スクランブル交差点での戦闘が一段落して、主人公たちは残ったもう1人の帰還者の元に向かいます。そして結末は意外な方向に・・・・・・



「兄ちゃんたち、こっちに居るよ!」


 妹の案内で公園の奥に進むと、そこにはすでにシックスが木から降り立って俺たちを待ち受けているかのような目でこちらを見ている。だが彼女からは殺気も戦う意思も感じない。どうも様子が変だなと思いつつ、俺たち3人は彼女が居る場所に近づいていく。

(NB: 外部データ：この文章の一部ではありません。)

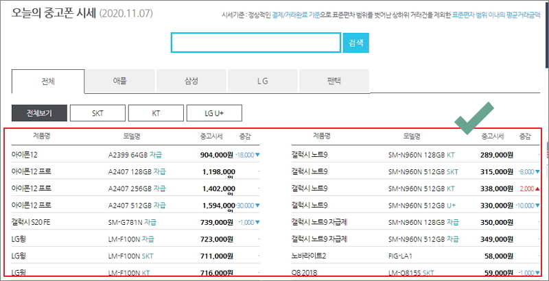 ▼ 매일 업데이트 되는 중고폰 시세표가 나타났습니다. 많은 사람들이 찾는 브랜드인 애플, 삼성, LG 휴대폰에 대한 시세 정보를 확인할 수 있습니다. 같은 모델이라고 하더라도 자급제 여부나 개통한 통신사에 따라 파는 가격이 달라짐을 알 수 있습니다.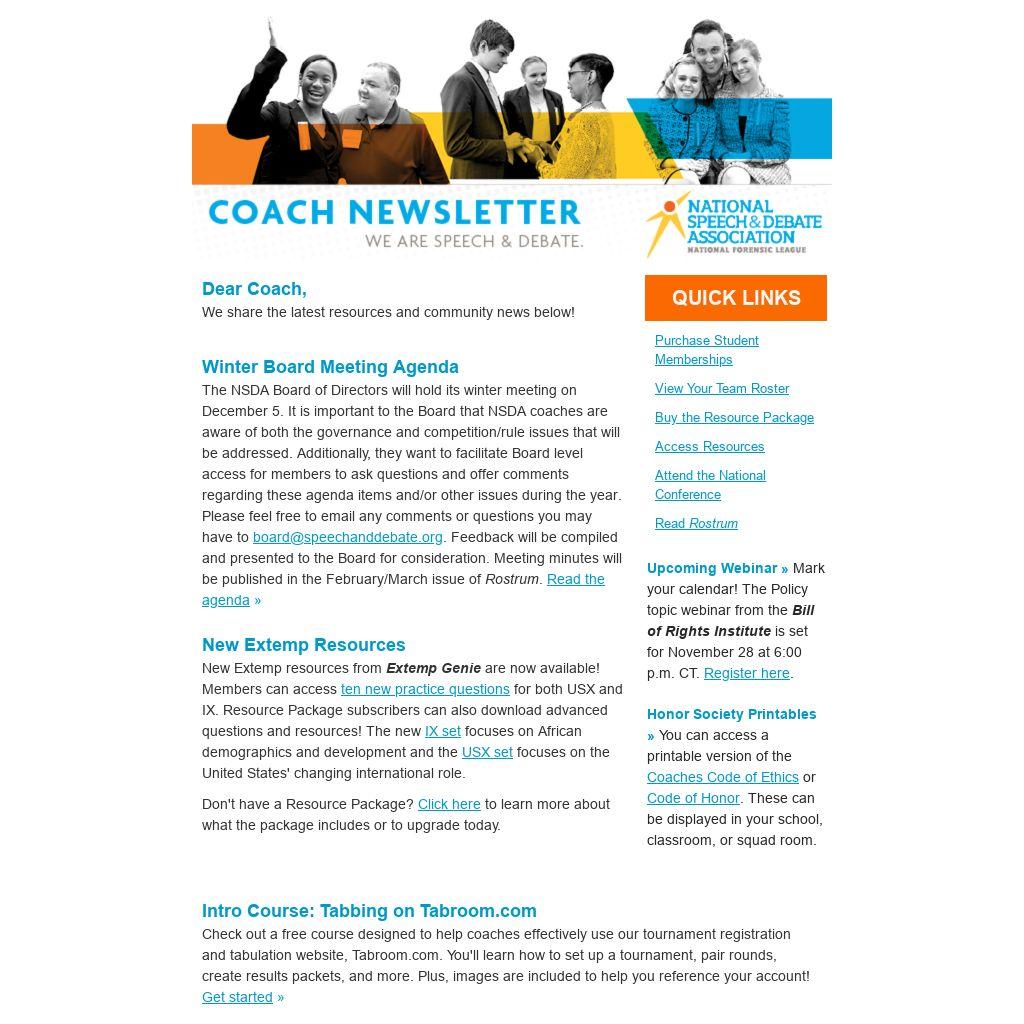 The NSDA Board of Directors will hold its winter meeting on December 5. It is important to the Board that NSDA coaches are aware of both the governance and competition/rule issues that will be addressed. Additionally, they want to facilitate Board level access for members to ask questions and offer comments regarding these agenda items and/or other issues during the year. Please feel free to email any comments or questions you may have to board@speechanddebate.org. Feedback will be compiled and presented to the Board for consideration. Meeting minutes will be published in the February/March issue of Rostrum. Read the agenda»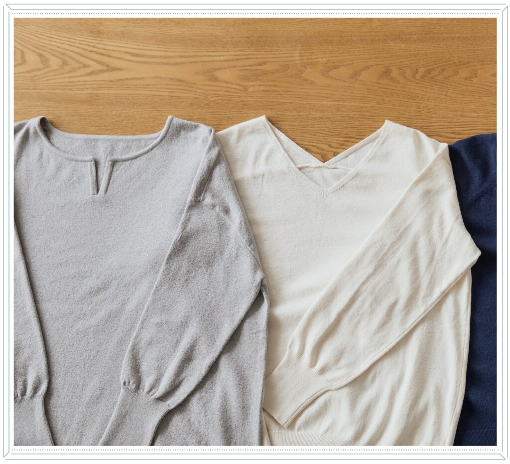 DRESS HERSELFのラインナップの中で、ひっそりと、しかし確実に愛され続けているニットがあります。それが、シルクコットンのキーネックとVネック。

「ようやく来てくれたか。急に追いかける気配が消えて見失ったのかと思って心配したぞ」


「途中で色々あってな、だがお前の気配はしっかりわかっていたからちゃんとこの場に来れたぞ」


 妹が屋台から流れてくるいい匂いに惹かれて買い食いしていました! なんて正直に言おうものなら殴り掛かられそうだから適当に誤魔化しておこう。って、このアホ妹が! 買い食いしたのはクレープだけじゃなかったのかよ! いつの間にかアイテムボックスからドネリケバブを取り出して食い始めやがった! 見ろ、シックスが変な目でお前を見ているぞ。

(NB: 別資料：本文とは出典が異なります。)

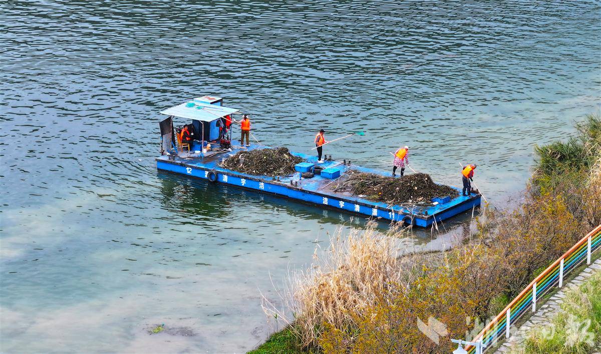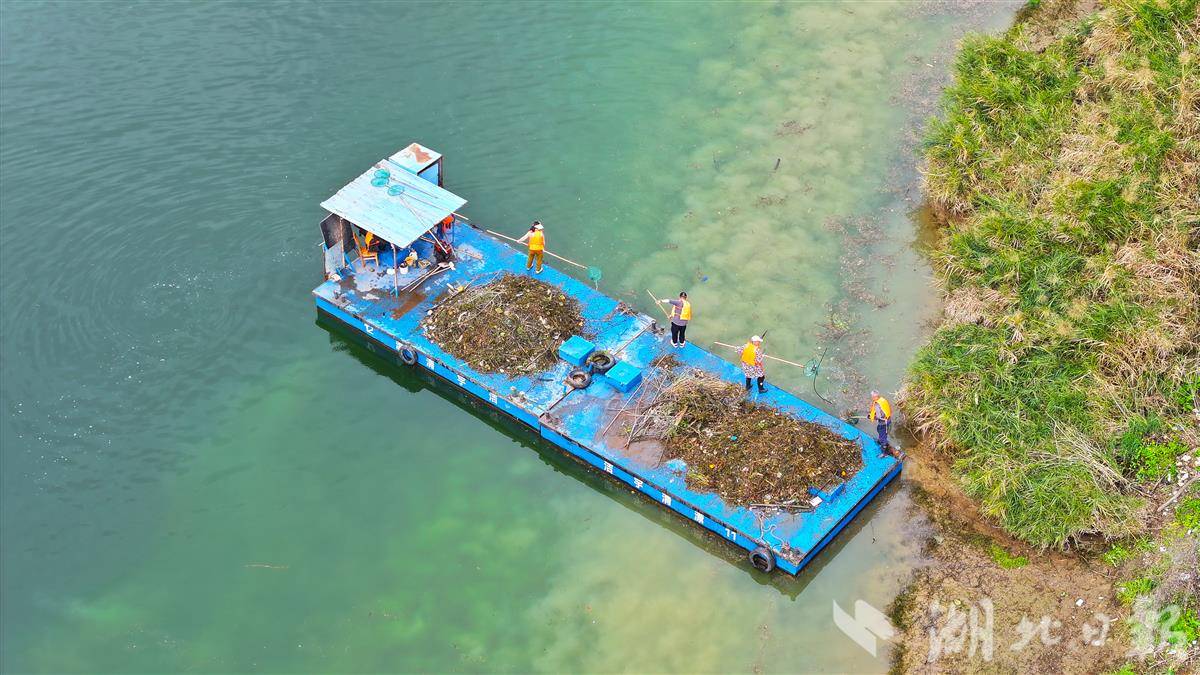 3月26日在宜昌市夷陵区黄柏河边4名工人正在打捞漂浮物。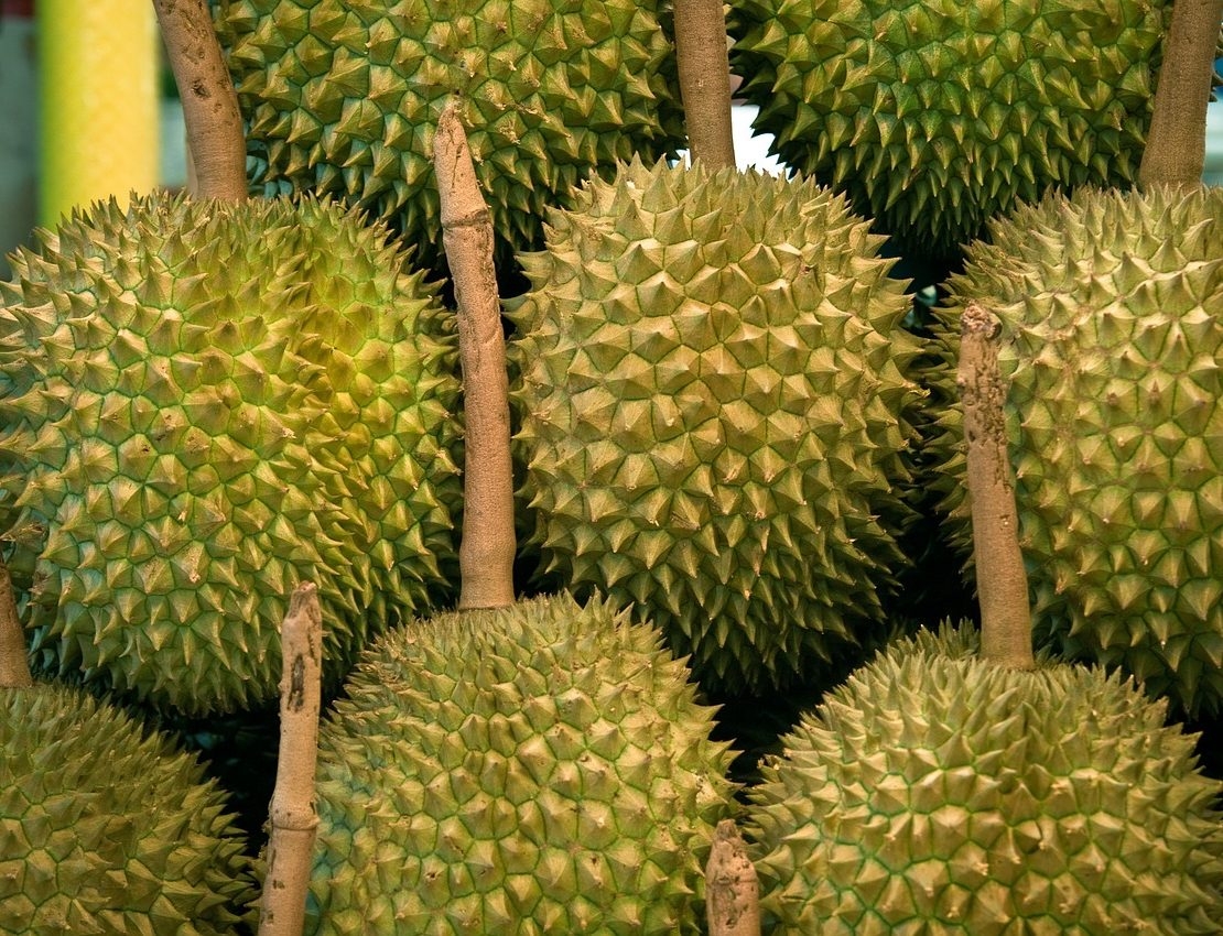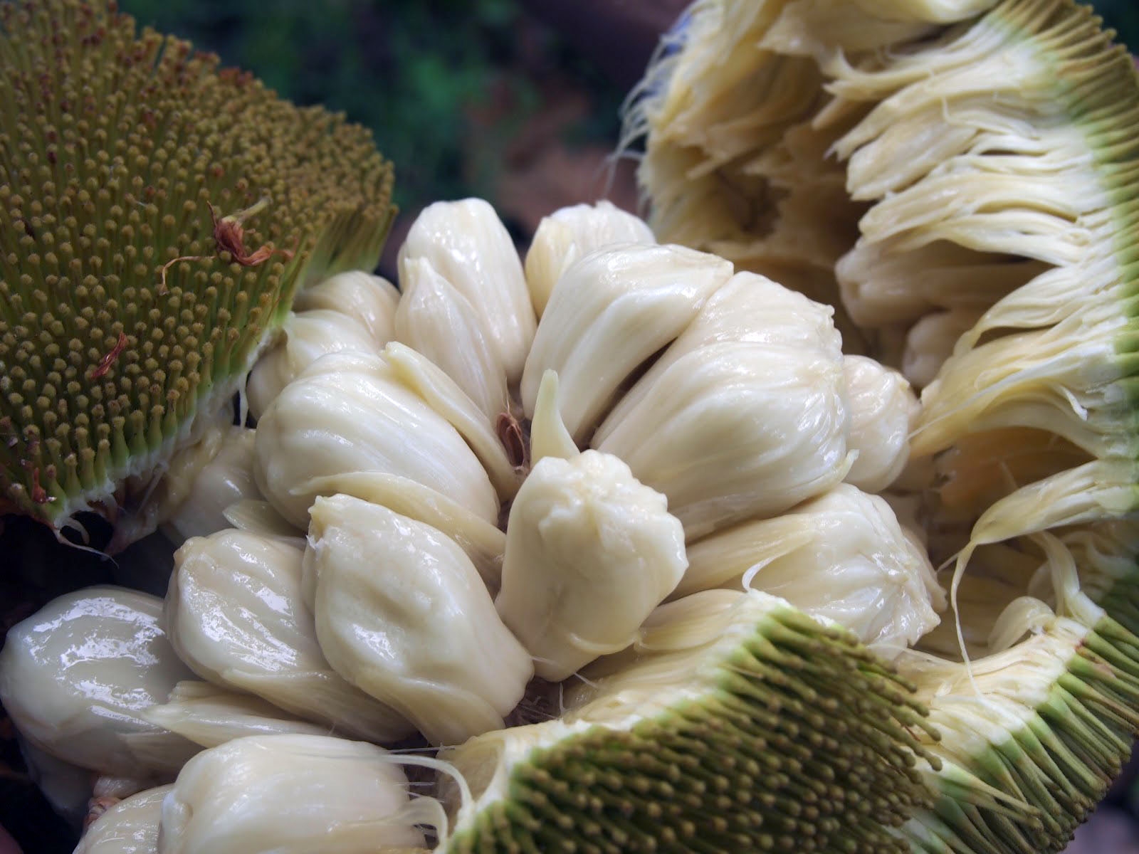 As shown in the picture, the marang fruit has a rough, spiky green skin that encases the creamy white flesh inside. The flesh is divided into segments, each containing a large seed. To eat the fruit, one must carefully remove the skin and seeds, and then enjoy the sweet and flavorful flesh.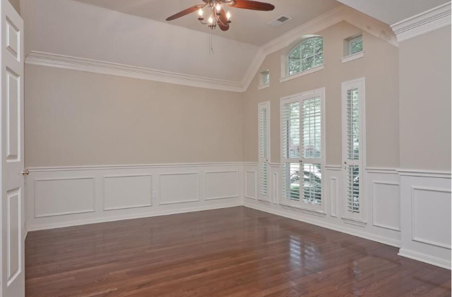 그래서 웨인스코팅이 벽면의 패널 중의 하나인 것은 맞지만, 아주 엄밀히 말하자면 모든 벽면 패널이 웨인스코팅인 것은 아닙니다. 원래의 형태대로라면 의자 높이 정도의 나무 패널을 벽면의 아랫쪽 반에 두른 것이 웨인스코팅이기 때문입니다. 이 나무판은 단열을 위한 것이면서, 의자의 등받이나 신발에 의해서 벽이 손상되는 것을 막는 역할을 했습니다. 물론 요즘의 웨인스코팅 역시 벽을 보호하는 역할을 한다고 할 수 있지만, 단열이 잘 되어 있는 현대의 가정집들에서는 장식의 목적이 훨씬 커졌지요. 아래 사진에서처럼 벽의 아랫쪽 반에 둘러진 형태가 전통적인 웨인스코팅입니다.

「ま、まあいいだろう。お前たちが揃ってこの場に来たということはセカンドはどうなった?」


「すでにあの世に旅立った」


「やはりな、ヤツは実力以上に気位が高い男だった。私の目から見ても絶対にお前たちには敵わないだろうという判断は正しかったようだな」


「戦う意思がないようだが、わざわざ話をするために俺たちを待っていたのか?」


「正直に打ち明ければその通りだ。私はこの国に来て1人になれるタイミングを待っていた。戦いの最中にうまく離脱してこうしてお前たちと話がしたかった」


「なるほど、どんな話か聞こうか。つまらない時間稼ぎは無駄だぞ」


「まずはこの幸運を神に感謝しないといけないな」


 シックスは目を閉じて両手を組んで祈りの言葉を口にしている。その呟きの中には『アラー』というフレーズが混ざっている。あれっ? アラーってイスラムの神様だよな。中華民族にもイスラム教徒って居るのか? 祈りを終えたシックスは俺たちを正面から見つめながら話を始める。


「私は現在表向きは主席直轄帰還者部隊の所属だが、異世界に旅立つ以前は全く別の肩書きを持っていた。『ウイグル自由闘争連盟』の闘士というのが私の本来の肩書きだ」


「ウイグル? 世界史の授業で聞いた記憶があるな。えーと・・・・・・」


「中央アジアに広く分布しているトルコ系の遊牧騎馬民族、中国の侵攻によって新疆ウイグル自治区として併合されているわね」


 さすがは学年トップの美鈴さんです! こんな知識がスラスラ出てくるんだから大したもんだ。そうか、だから現在は中華大陸連合の帰還者としてこうしてこの場に居るのか。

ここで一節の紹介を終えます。